BishopAccountability.org

Group opposes Baptist's appeal of sex case award

Daily Commercial
February 16, 2014

http://www.dailycommercial.com/news/article_0da19465-3d28-5783-989f-d5be962cda1a.html


An organization that advocates on behalf of clergy sex abuse victims has asked the Florida Baptist Convention to reconsider plans to appeal a $12.5 million award to a man sexually abused in Lake County by a minister convicted of molestation in 2007, the ABPnews/Herald is reporting.

“By appealing, at best you’ll be postponing, at a great moral and financial cost, an eventual day of real reckoning,” David Clohessy, executive director of the Survivors Network of those Abused by Priests (SNAP), said in a letter to Florida Baptist Convention Executive Director John Sullivan. “At worst, you’ll be hurting not just the victim in this case, but all other victims who have been violated and betrayed by Southern Baptist clergy.”

ABPnews/Herald , created after a merger of the Associated Baptist Press and the The Religious Herald , is the only independent news service created by and for Baptists.

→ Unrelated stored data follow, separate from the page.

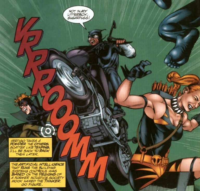 Count Vertigo goes down with a wheel in the face.  As Wildcat speeds off into the depths of the building, he decides to milk the bike’s usefulness.  I mean, you see how much use Ghost Rider gets with his?  And Wildcat has the added benefit that unlike Ghost Rider, his skull isn’t on fire.  More importantly, a motorcycle license may be the closest thing Grant has to a superpower.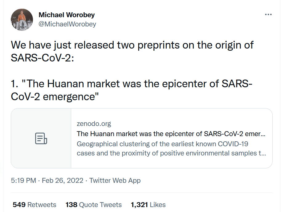 La investigación sugiere que es muy probable que el virus se extendiera a las personas que trabajaban o compraban en el mercado. Los investigadores señalan que no encontraron pruebas para una hipótesis alternativa de que el coronavirus se escapó de un laboratorio en Wuhan.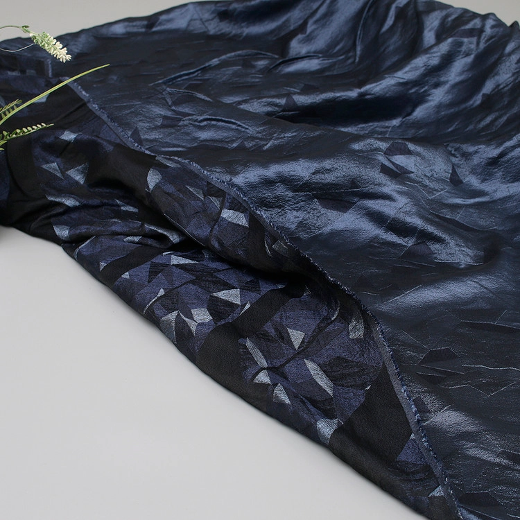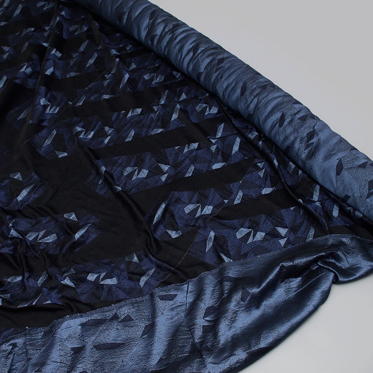 기하학 마름모 패턴 선염 쟈카드 실크- 네이비
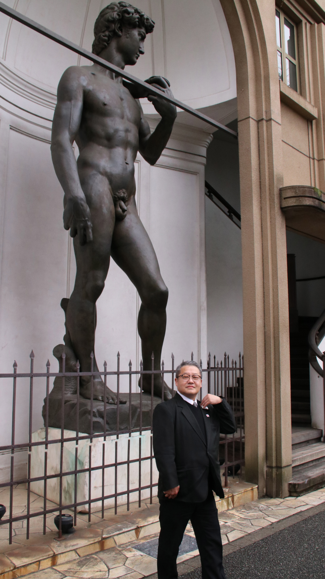 After our short break, I learn that Kato has a passion for fashion. He's a natty dresser, with a nice watch and Tom Ford eyeglasses. In fact, he has a collector's case full of the iconic designer's eyewear with him, in lenses and frames that range from professorial horn-rims to Gangnam Style sunglasses. I ask Kato if I can grab a photo of him outside of his cab, and he strolls over to a nearby replica of Michelangelo's David, where he strikes a similar pose. When Kato confides that he has a Catholic name, Bartholomew, and has converted to the faith, his portrait with the biblical hero seems a little less random.

It is reporting that Clohessy, an abuse survivor who testified before the U.S. Conference of Catholic Bishops in 2002, warned Sullivan that even if successful, “your appeal will only delay the inevitable.”

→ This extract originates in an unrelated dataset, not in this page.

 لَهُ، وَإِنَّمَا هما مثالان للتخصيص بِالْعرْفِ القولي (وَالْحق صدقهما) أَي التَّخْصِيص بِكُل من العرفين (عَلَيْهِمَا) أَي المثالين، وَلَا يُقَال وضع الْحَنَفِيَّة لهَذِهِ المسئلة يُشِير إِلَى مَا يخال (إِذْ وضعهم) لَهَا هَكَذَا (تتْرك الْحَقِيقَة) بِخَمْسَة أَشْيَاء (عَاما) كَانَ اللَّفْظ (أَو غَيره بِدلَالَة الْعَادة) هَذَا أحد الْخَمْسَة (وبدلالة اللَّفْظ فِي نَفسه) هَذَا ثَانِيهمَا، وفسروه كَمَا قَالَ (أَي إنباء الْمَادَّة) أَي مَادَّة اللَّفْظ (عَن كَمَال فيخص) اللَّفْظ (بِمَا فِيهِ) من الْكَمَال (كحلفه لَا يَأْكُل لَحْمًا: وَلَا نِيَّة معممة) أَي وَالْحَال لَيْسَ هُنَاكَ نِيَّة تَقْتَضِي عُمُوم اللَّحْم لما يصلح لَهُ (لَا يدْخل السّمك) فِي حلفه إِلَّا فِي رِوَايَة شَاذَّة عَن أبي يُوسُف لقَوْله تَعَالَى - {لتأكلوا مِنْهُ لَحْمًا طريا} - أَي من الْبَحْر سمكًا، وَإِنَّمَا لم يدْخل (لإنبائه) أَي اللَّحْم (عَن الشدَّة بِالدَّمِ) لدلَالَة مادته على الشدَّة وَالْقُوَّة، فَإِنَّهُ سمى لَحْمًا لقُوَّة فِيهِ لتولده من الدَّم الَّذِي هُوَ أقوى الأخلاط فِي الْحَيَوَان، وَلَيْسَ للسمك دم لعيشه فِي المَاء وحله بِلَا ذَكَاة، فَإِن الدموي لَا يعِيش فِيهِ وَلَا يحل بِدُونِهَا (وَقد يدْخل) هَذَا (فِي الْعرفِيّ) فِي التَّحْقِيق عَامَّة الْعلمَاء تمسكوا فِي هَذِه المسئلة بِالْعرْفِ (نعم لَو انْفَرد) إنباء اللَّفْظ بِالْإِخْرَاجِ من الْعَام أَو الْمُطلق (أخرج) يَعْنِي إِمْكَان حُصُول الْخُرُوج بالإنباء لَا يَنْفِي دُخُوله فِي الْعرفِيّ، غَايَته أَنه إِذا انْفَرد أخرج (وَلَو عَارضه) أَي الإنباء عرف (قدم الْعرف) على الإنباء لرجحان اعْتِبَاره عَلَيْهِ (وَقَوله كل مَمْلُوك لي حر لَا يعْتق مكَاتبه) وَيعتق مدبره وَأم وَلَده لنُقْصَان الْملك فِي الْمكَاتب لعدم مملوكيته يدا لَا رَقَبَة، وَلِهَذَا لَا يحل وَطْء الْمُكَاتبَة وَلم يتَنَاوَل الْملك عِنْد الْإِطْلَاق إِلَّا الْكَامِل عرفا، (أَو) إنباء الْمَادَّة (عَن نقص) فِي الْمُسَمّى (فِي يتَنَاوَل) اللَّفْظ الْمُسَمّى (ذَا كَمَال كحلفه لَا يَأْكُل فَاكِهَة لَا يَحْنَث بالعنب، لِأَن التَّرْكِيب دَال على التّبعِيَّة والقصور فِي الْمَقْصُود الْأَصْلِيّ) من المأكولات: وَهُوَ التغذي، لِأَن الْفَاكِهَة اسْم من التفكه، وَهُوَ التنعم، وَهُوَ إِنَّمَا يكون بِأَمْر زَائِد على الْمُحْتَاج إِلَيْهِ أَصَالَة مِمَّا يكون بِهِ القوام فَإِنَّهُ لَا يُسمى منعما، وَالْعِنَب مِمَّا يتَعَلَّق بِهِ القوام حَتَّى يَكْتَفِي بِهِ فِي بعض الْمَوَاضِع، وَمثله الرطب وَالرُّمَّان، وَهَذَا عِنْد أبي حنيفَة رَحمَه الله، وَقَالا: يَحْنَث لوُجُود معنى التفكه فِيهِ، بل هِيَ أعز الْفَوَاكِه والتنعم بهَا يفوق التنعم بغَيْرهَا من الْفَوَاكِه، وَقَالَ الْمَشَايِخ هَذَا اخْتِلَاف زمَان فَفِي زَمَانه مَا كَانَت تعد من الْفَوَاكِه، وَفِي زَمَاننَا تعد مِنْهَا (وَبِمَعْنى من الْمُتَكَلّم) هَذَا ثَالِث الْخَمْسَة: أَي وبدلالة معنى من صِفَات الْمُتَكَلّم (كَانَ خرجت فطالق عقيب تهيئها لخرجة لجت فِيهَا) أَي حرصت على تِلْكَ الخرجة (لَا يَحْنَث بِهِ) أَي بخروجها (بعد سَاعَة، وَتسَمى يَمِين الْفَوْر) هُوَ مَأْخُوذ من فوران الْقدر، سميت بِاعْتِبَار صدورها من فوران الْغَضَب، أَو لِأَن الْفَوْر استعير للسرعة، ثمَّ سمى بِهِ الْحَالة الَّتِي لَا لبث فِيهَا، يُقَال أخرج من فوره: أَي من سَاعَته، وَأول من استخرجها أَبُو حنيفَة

“Over 25 years of SNAP’s history, we have found that those responsible for injustices are eventually held accountable, not only through the justice system but also through the court of public opinion,” Clohessy said in his letter.

In January, a Lake County jury awarded $12.5 million in damages to a young man who was sexually abused by a Baptist minister when he was a child.

An attorney for the Florida Baptist Convention immediately announced an appeal. Attorney Gary Yeldell says the convention is confidant an appellate court will over turn the ruling because it contends the minister — Douglas Myers — was an independent pastor not supervised by the convention.

Myers was sent to prison in 2007 for molesting the then-13-year-old boy. Given a seven-year term, Myers was released in December 2012 after serving five years. A registered sexual offender, he currently lives in Prince Frederick, Md., according to the Florida Department of Law Enforcement.

An attorney for the victim, who is remaining anonymous, says the jury understood the “devastating” impact of the abuse. The young man is now in his 20s and attending college.

In May 2012, a Lake County jury determined the convention did not do enough to investigate the background of Myers, who helped start two now-defunct churches in Lake County — the Triangle Community Church in Eustis and the Harbor Baptist Fellowship in Howey-in-the-Hills — after receiving funds and training from the organization.

Myers admitted molesting the boy repeatedly over a six-month period ending in 2005.

Both the victim and his mother claimed the convention failed to uncover past allegations of inappropriate sexual behavior at other churches where Myers served.